In my case when using findstr alone was failing for UTF-16 files, however it worked with type:


type *.* | findstr /s /c:some-symbol


According to this blog article by Damon Cortesi grep doesn't work with UTF-16 files, as you found out. However, it presents this work-around:

根据Damon Cortesi撰写的这篇博客文章,grep与UTF-16文件不兼容,正如您所发现的那样。
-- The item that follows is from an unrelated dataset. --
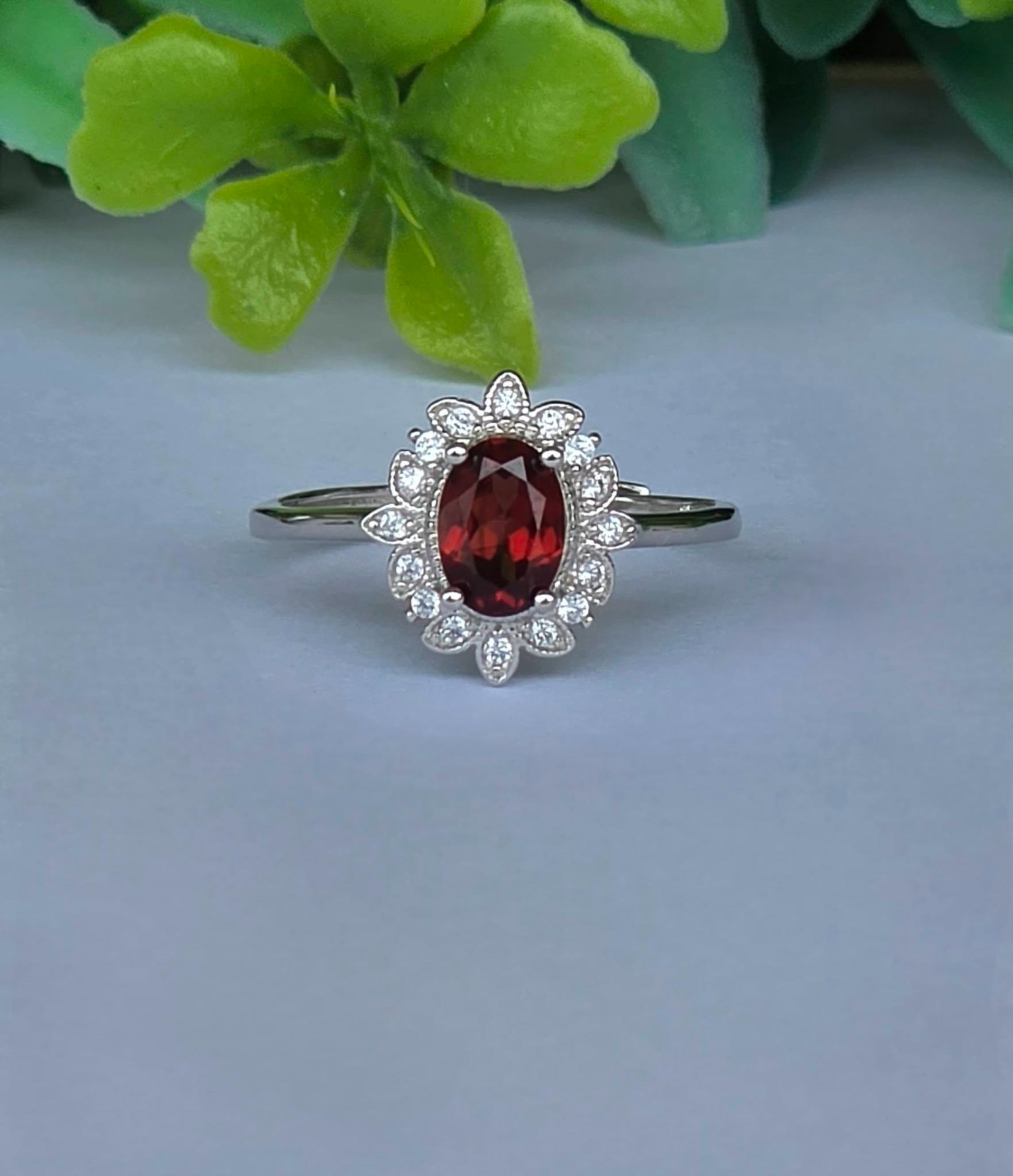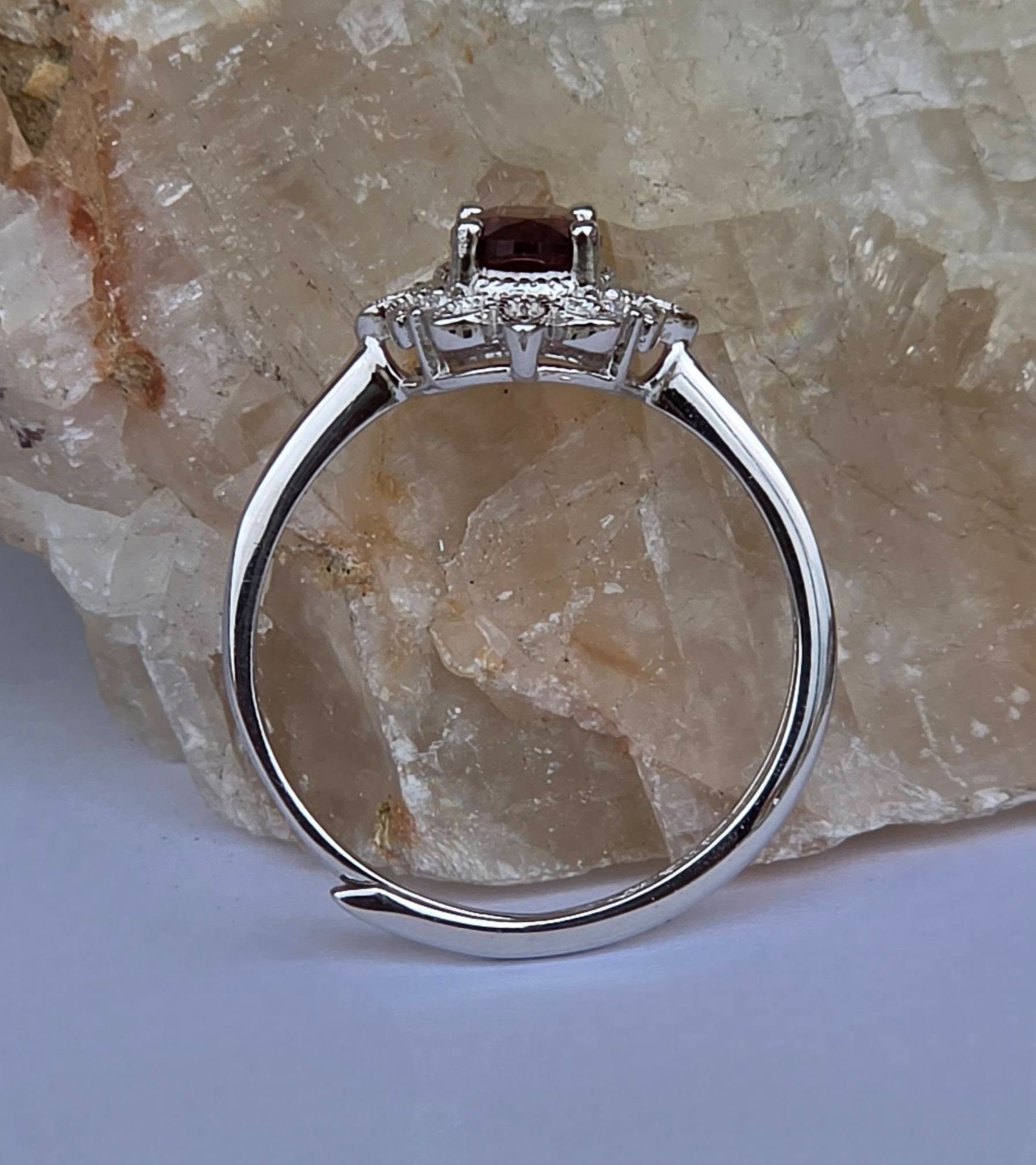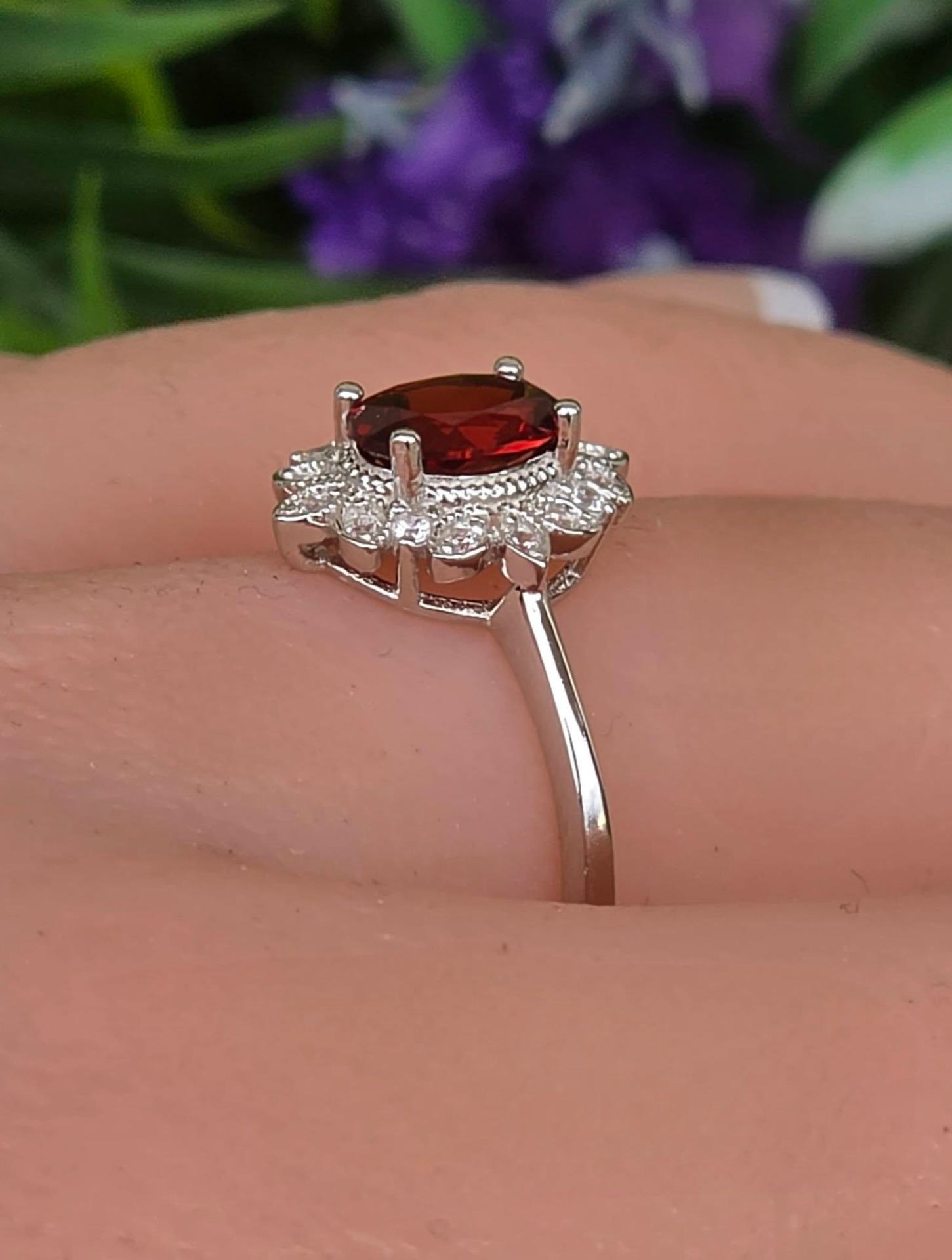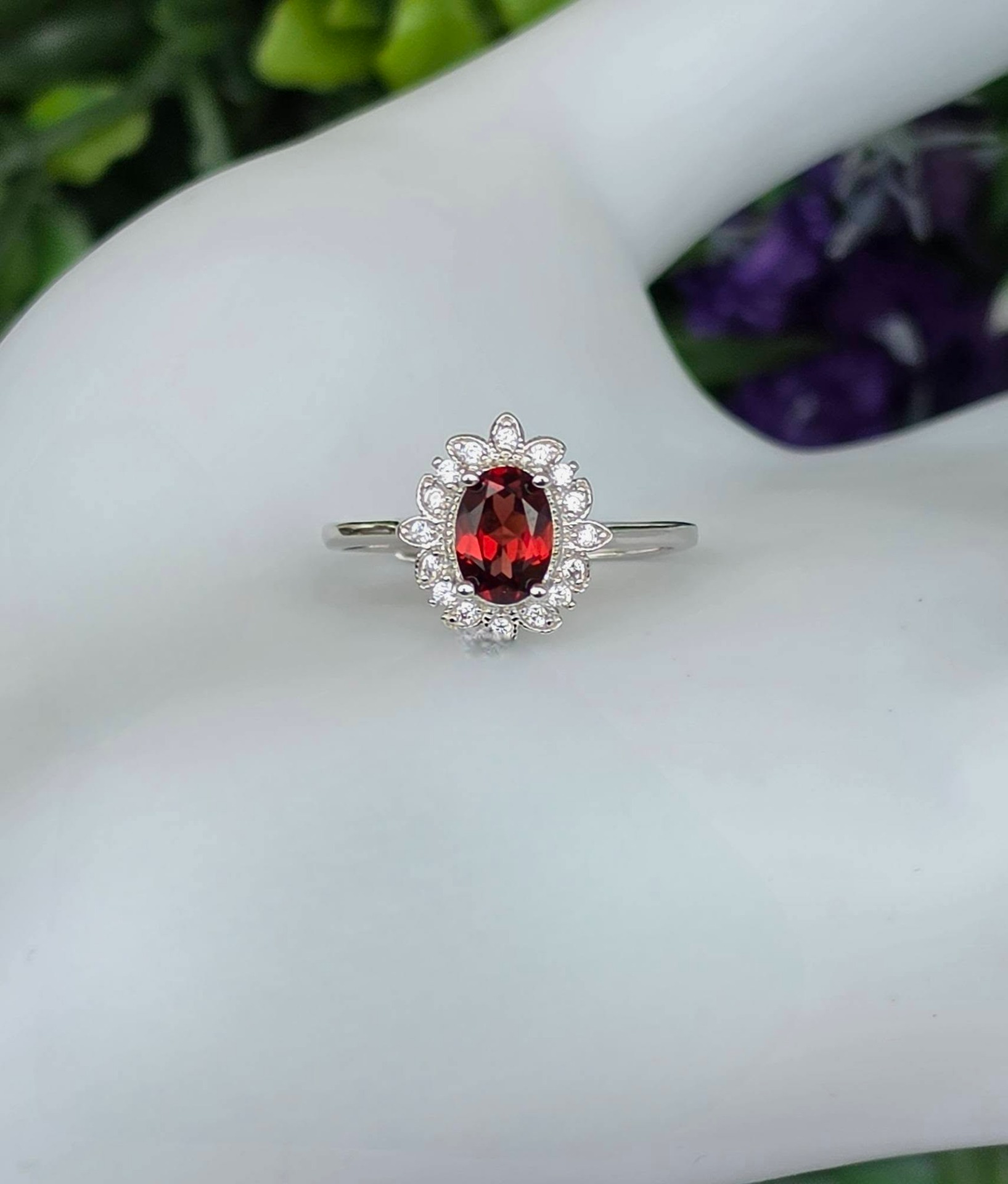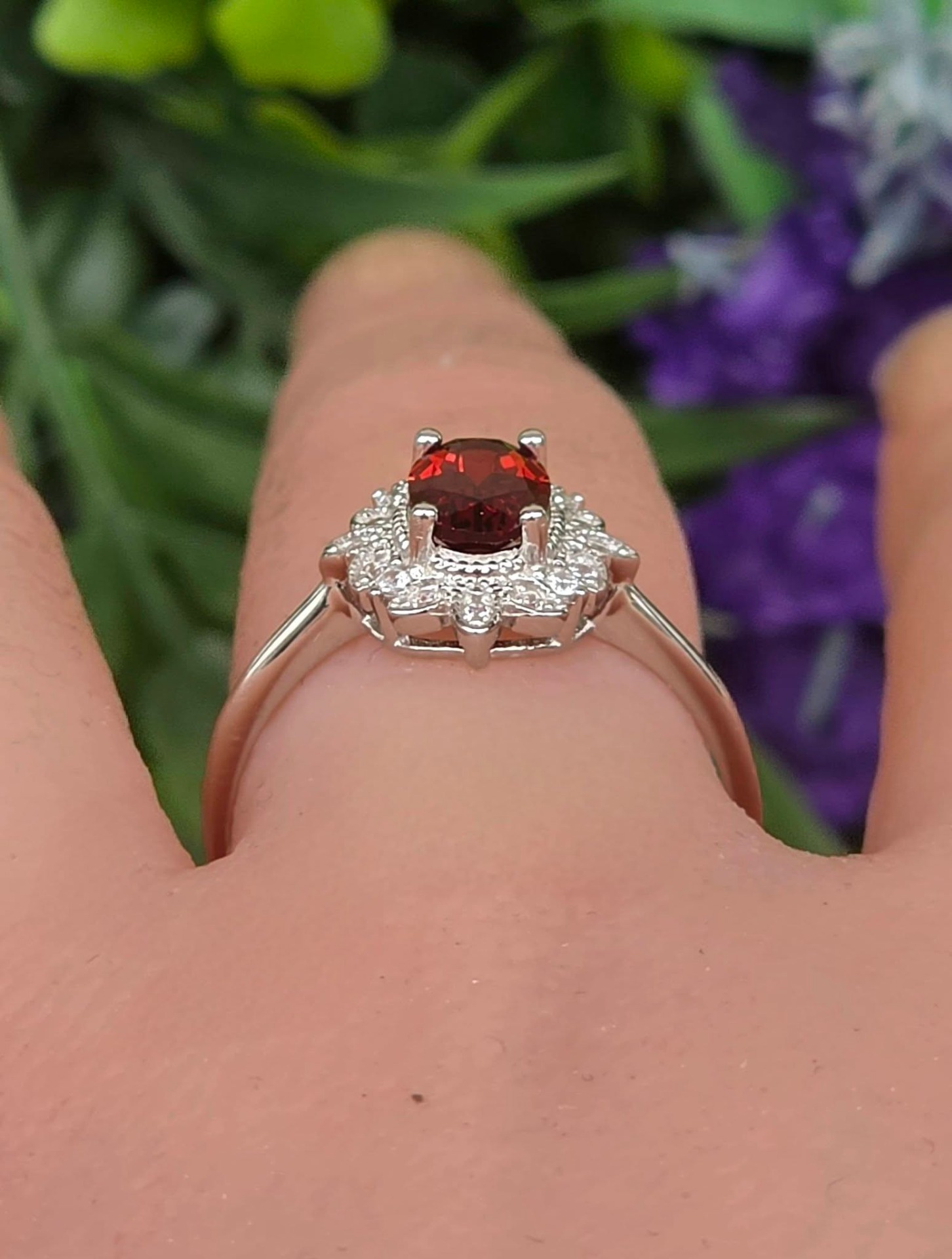 Inel contemporan deosebit, din argint platinat, cu un superb granat natural și pietre cubic zirconia.

但是,它介绍了这种解决方法:

for f in `find . -type f | xargs -I {} file {} | grep UTF-16 | cut -f1 -d\:`
        do iconv -f UTF-16 -t UTF-8 $f | grep -iH --label=$f ${GREP_FOR}

This is obviously for Unix, not sure what the equivalent on Windows would be. The author of that article also provides a shell-script to do the above that you can find on github here.


This only greps files that are UTF-16. You'd also grep your ASCII files the normal way.

这只是greps UTF-16文件。你也可以正常方式grep你的ASCII文件。


You didn't say which platform you want to do this on.


On Windows, you could use PowerGREP, which automatically detects Unicode files that start with a byte order mark. (There's also an option to auto-detect files without a BOM. The auto-detection is very reliable for UTF-8, but limited for UTF-16.)

在Windows上,您可以使用PowerGREP,它会自动检测以字节顺序标记开头的Unicode文件。 (还有一个选项可以自动检测没有BOM的文件。自动检测对于UTF-8非常可靠,但仅限于UTF-16。)